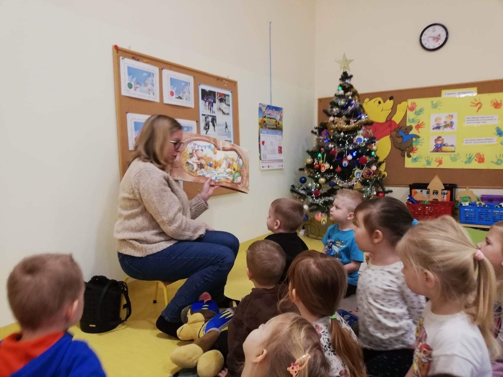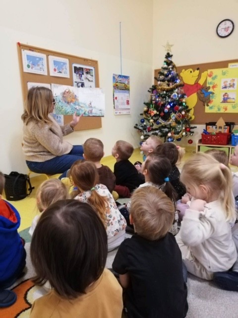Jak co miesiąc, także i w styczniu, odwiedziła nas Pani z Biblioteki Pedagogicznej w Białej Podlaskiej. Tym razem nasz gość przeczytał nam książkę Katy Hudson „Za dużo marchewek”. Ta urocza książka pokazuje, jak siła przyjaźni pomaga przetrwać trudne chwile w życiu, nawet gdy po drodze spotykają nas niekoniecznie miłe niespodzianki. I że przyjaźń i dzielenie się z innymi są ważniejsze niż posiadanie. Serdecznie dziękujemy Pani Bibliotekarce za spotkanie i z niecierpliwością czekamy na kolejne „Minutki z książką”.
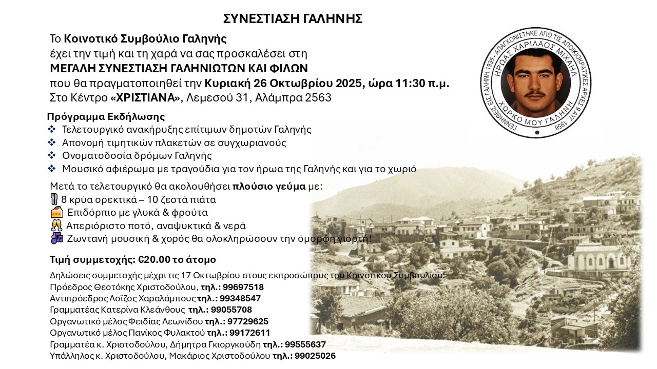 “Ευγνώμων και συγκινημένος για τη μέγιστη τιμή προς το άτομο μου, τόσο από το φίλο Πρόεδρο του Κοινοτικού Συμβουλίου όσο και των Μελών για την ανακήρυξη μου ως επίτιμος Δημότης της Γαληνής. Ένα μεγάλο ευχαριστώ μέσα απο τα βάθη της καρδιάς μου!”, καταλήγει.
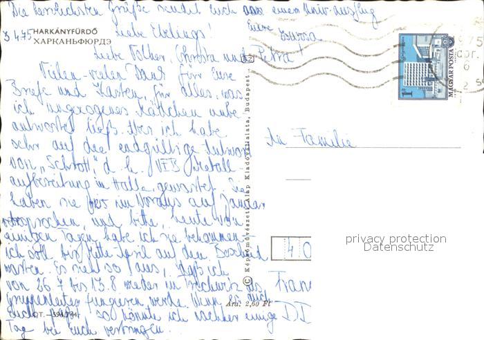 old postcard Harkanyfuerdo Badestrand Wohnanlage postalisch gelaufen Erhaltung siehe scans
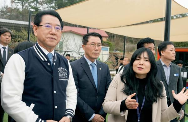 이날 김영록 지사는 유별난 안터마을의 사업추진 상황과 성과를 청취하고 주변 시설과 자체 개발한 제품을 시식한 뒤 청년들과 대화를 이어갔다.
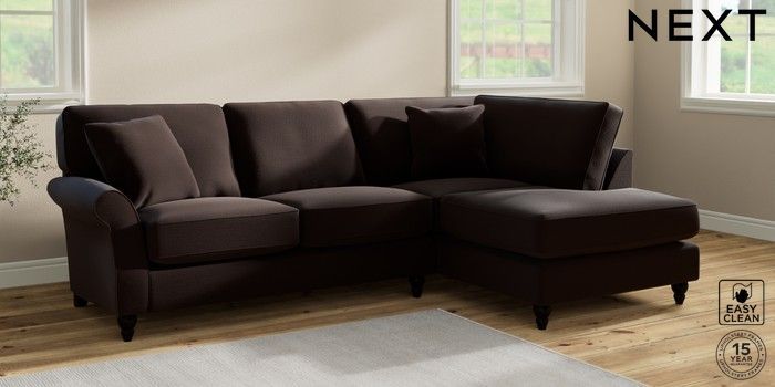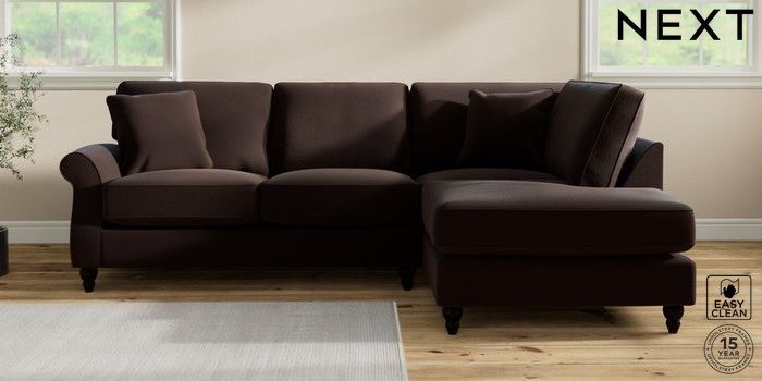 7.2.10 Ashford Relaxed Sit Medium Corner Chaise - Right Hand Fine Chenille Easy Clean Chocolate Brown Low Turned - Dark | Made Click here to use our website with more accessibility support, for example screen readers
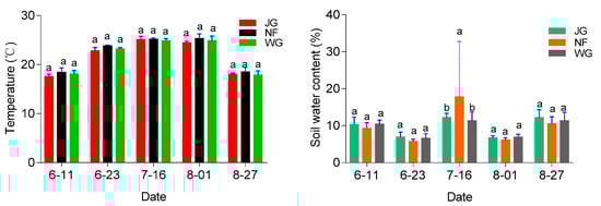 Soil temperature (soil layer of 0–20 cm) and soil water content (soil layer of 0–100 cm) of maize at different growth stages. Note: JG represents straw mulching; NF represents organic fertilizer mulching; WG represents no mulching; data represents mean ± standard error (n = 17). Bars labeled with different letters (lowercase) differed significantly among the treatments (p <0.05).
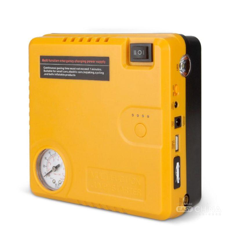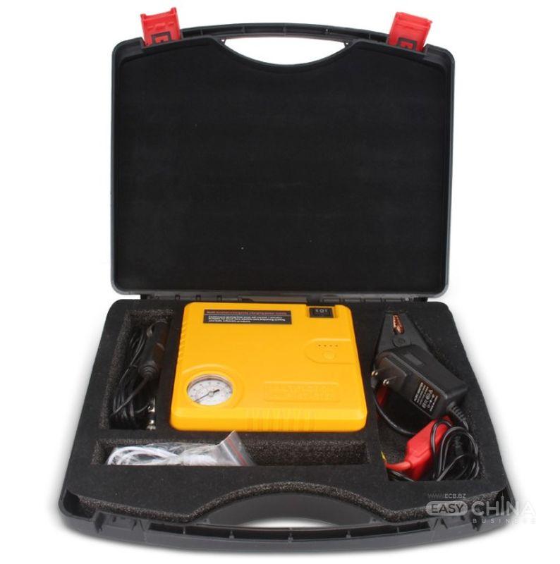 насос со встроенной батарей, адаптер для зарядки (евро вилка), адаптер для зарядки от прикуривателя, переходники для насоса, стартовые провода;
==
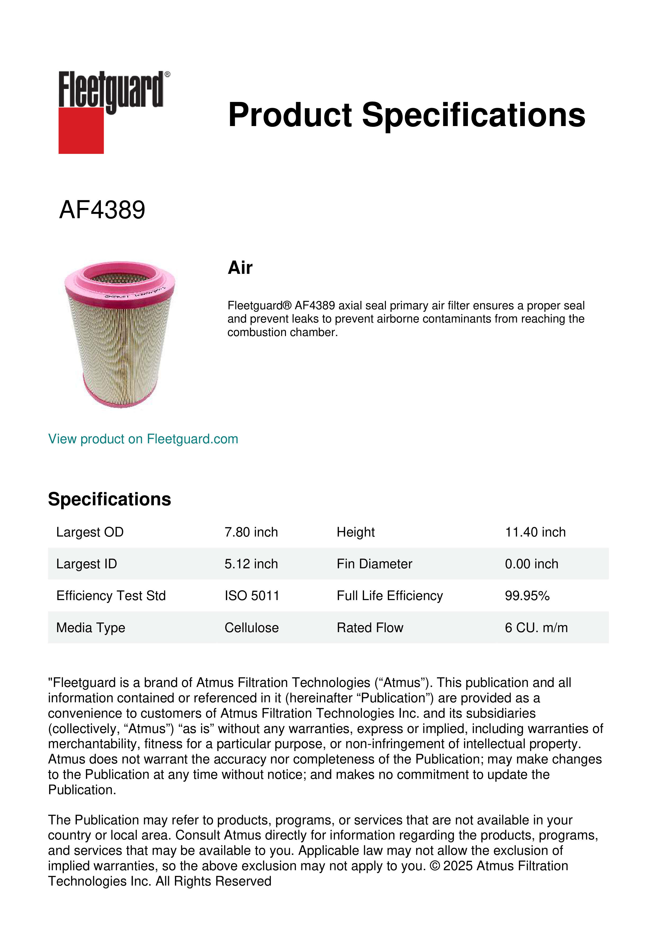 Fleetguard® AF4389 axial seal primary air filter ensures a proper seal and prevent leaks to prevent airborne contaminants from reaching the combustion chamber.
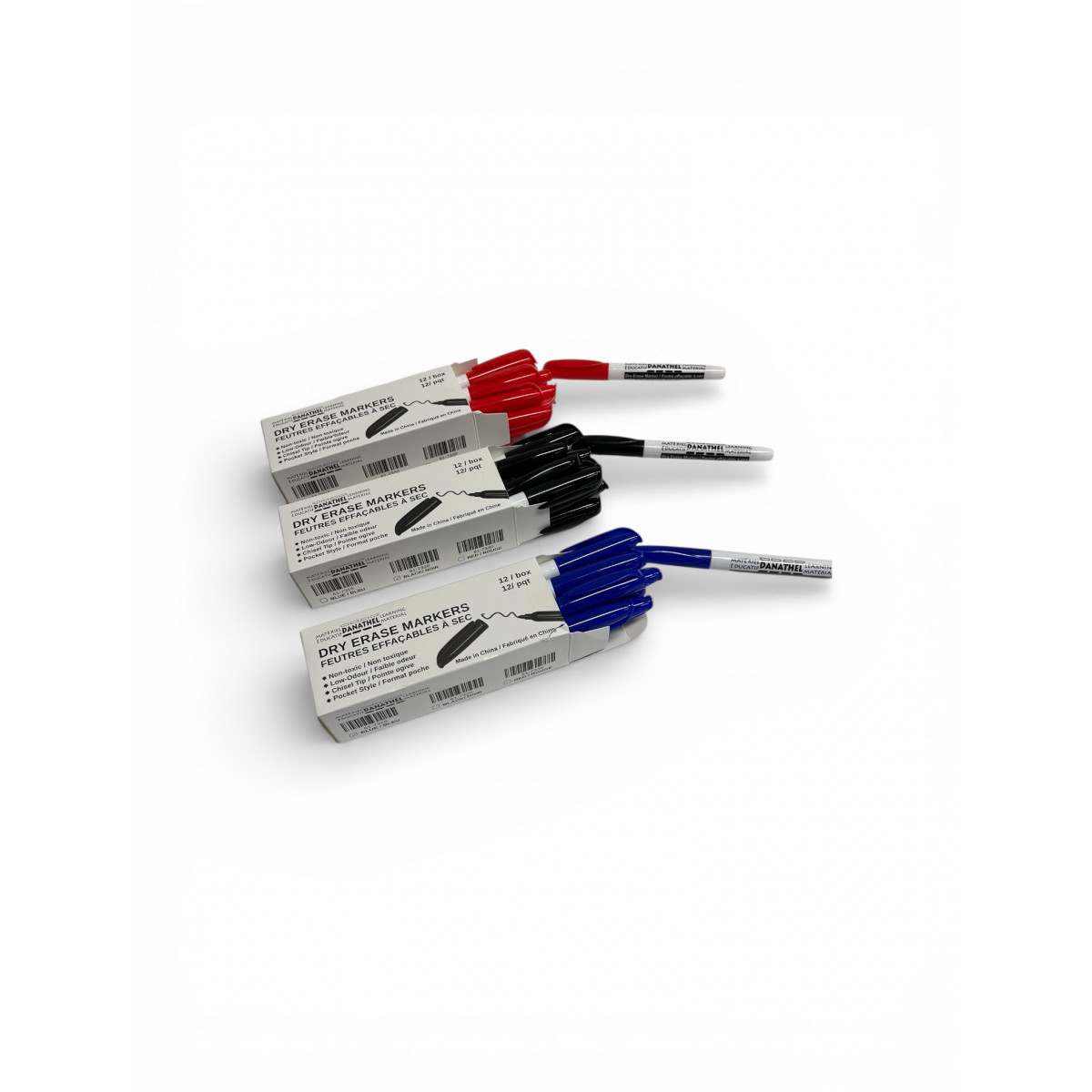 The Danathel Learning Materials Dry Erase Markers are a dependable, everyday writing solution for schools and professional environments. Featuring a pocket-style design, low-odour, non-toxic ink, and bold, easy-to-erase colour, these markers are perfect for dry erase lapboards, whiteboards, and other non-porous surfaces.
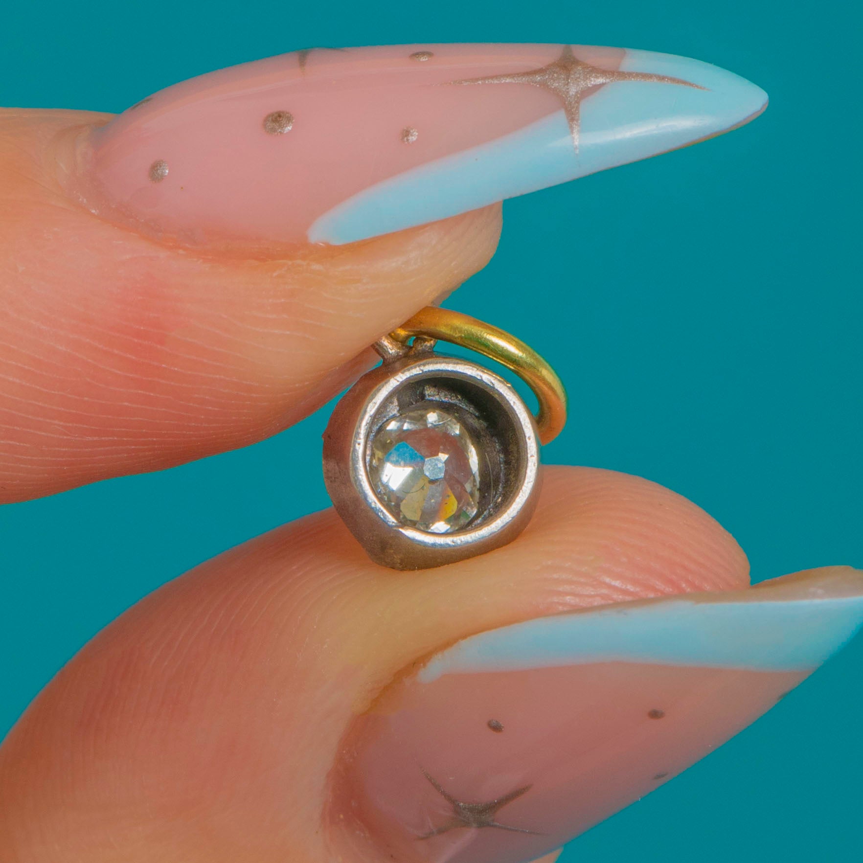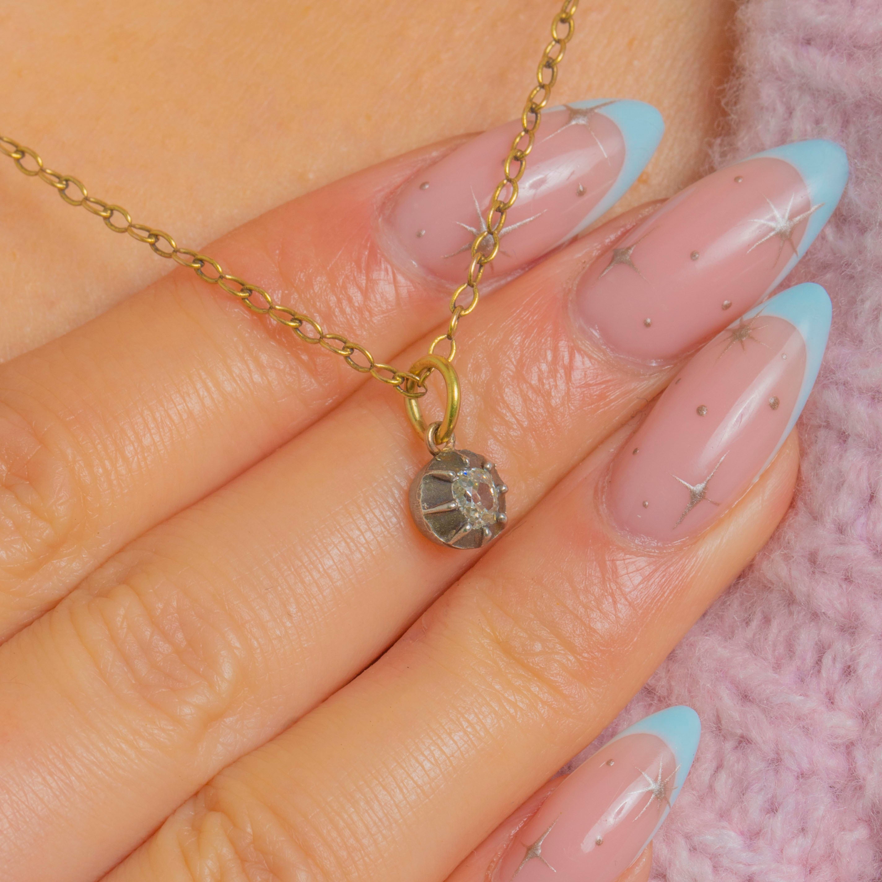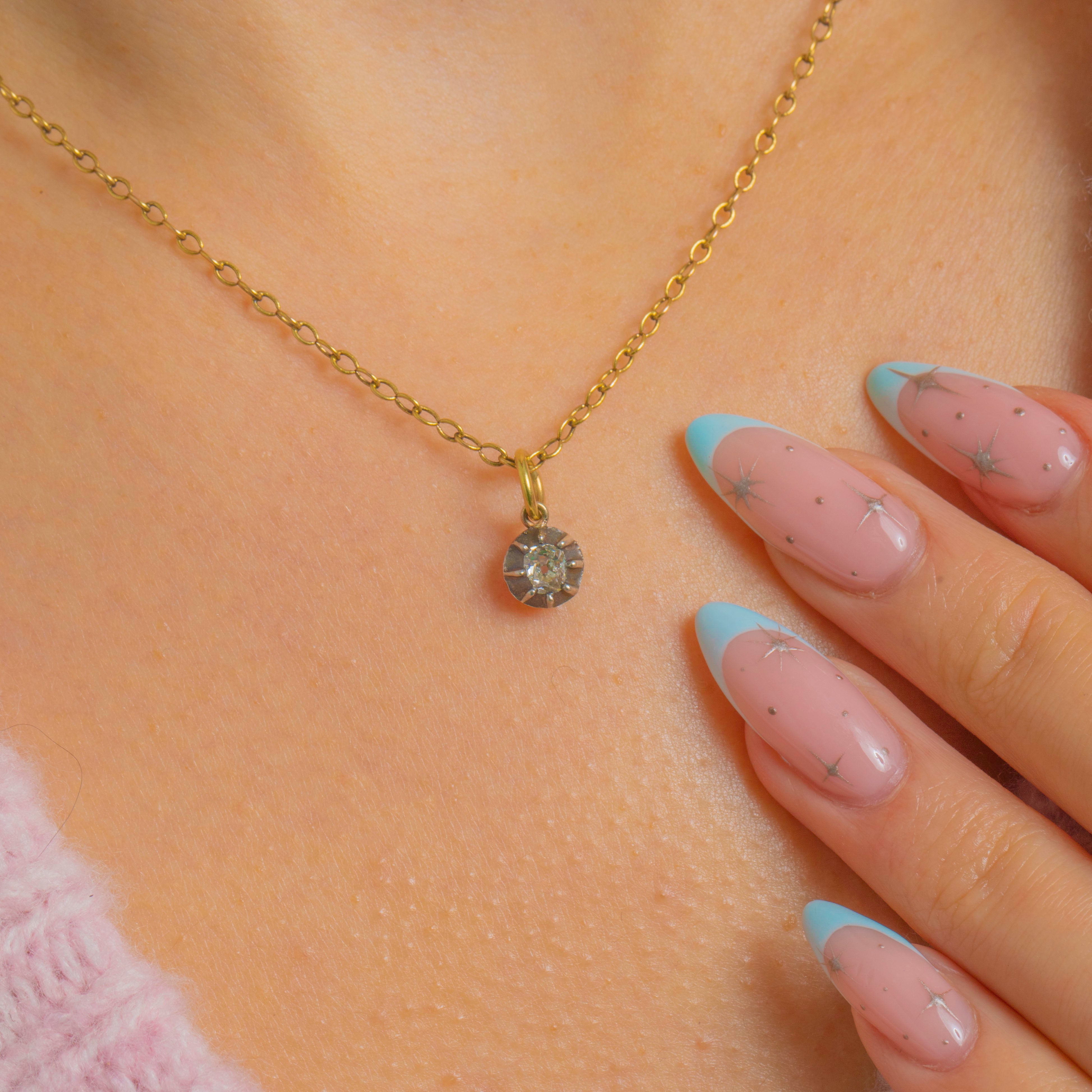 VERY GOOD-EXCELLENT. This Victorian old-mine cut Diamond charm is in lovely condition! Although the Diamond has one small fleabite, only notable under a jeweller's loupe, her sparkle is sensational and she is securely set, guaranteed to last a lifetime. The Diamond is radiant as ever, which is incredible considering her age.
==
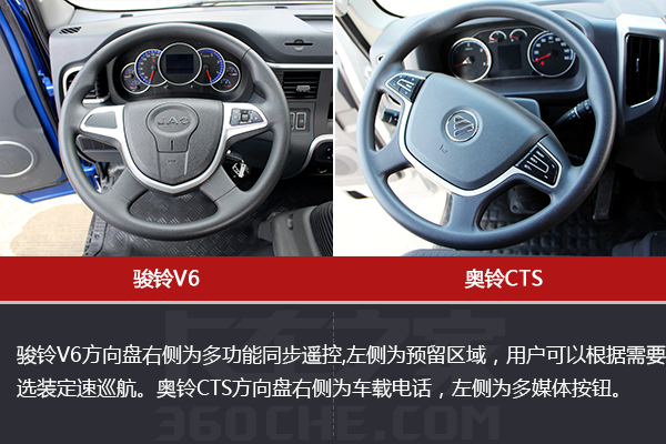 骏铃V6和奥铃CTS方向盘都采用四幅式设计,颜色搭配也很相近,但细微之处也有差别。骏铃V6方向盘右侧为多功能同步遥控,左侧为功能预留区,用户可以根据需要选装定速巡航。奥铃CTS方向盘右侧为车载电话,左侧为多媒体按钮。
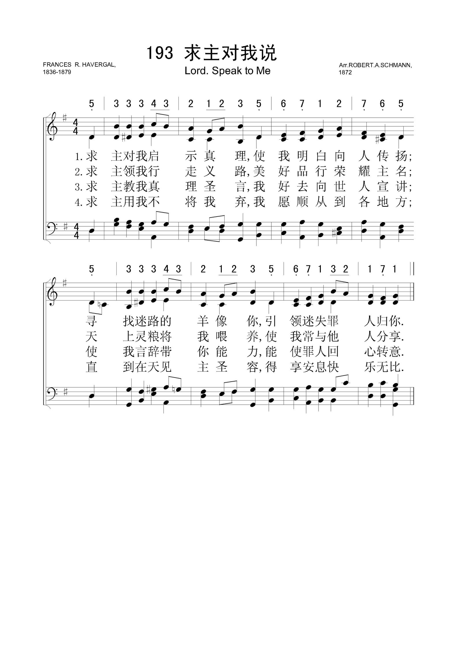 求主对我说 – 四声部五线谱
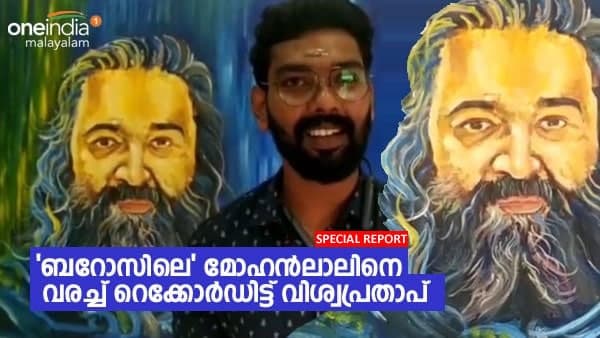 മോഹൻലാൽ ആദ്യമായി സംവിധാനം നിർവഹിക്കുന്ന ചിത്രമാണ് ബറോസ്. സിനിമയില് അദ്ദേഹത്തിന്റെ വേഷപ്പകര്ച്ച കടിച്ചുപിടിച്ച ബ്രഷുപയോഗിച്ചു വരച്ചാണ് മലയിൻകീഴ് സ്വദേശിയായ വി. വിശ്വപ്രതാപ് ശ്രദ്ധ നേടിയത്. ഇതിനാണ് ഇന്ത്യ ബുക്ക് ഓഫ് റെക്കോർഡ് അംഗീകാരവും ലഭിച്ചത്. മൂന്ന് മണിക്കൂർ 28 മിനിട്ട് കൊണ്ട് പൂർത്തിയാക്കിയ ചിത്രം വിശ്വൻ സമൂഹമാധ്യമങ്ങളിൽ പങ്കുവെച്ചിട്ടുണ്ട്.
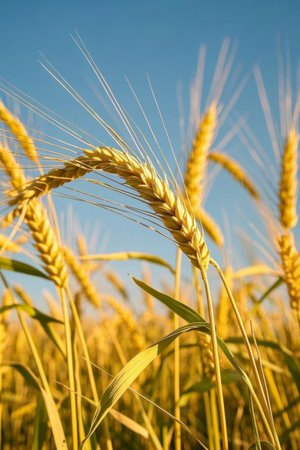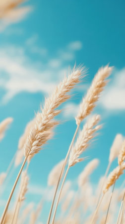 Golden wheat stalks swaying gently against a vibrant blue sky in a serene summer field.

**Brief**
In the data above, find the line containing "이날 김영록 지사는 유별난" and the line containing "насос со встроенной". Copy exactly the stretch from the first through the second, both included, leaving out any picture.

**Output below**
 이날 김영록 지사는 유별난 안터마을의 사업추진 상황과 성과를 청취하고 주변 시설과 자체 개발한 제품을 시식한 뒤 청년들과 대화를 이어갔다.
 7.2.10 Ashford Relaxed Sit Medium Corner Chaise - Right Hand Fine Chenille Easy Clean Chocolate Brown Low Turned - Dark | Made Click here to use our website with more accessibility support, for example screen readers
 Soil temperature (soil layer of 0–20 cm) and soil water content (soil layer of 0–100 cm) of maize at different growth stages. Note: JG represents straw mulching; NF represents organic fertilizer mulching; WG represents no mulching; data represents mean ± standard error (n = 17). Bars labeled with different letters (lowercase) differed significantly among the treatments (p <0.05).
 насос со встроенной батарей, адаптер для зарядки (евро вилка), адаптер для зарядки от прикуривателя, переходники для насоса, стартовые провода;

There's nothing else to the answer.